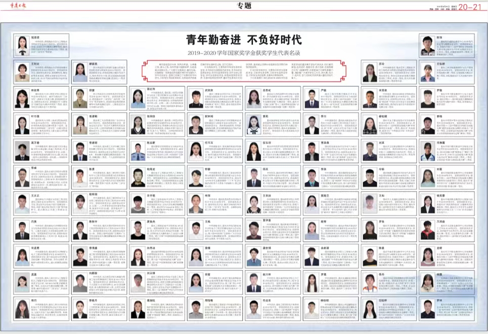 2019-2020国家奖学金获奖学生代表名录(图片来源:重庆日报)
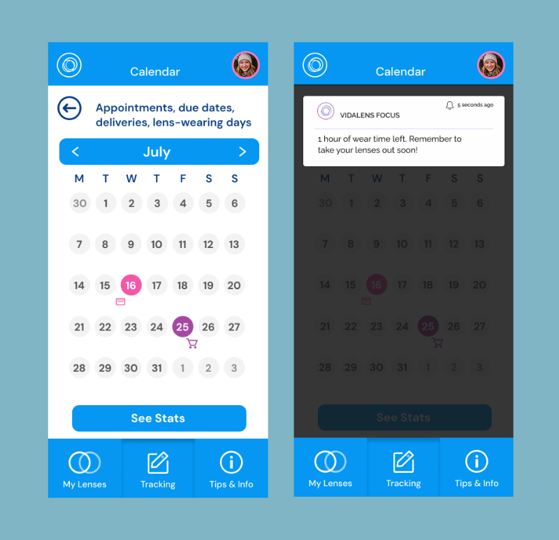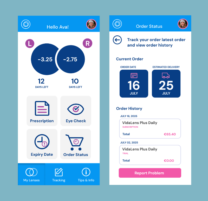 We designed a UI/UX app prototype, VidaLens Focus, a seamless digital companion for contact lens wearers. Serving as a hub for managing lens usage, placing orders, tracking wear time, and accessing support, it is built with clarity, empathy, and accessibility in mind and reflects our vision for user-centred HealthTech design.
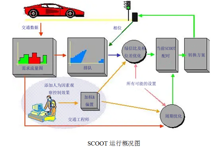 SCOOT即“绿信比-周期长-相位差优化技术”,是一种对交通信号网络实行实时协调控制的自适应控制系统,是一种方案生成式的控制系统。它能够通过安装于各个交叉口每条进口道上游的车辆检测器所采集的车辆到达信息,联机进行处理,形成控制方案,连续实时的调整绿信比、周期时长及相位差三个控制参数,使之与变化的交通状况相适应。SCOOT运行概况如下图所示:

* * *

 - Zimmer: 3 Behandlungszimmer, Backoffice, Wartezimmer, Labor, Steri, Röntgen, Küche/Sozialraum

== YOUR ASSIGNMENT ==
Your copy should hold only the lines above from the one containing "2019-2020国家奖学金获奖学生代表名录(图片来源:重庆日报)" through the one containing "We designed a", exactly as written and free of pictures.

== EXPECTED ANSWER ==
 2019-2020国家奖学金获奖学生代表名录(图片来源:重庆日报)
 We designed a UI/UX app prototype, VidaLens Focus, a seamless digital companion for contact lens wearers. Serving as a hub for managing lens usage, placing orders, tracking wear time, and accessing support, it is built with clarity, empathy, and accessibility in mind and reflects our vision for user-centred HealthTech design.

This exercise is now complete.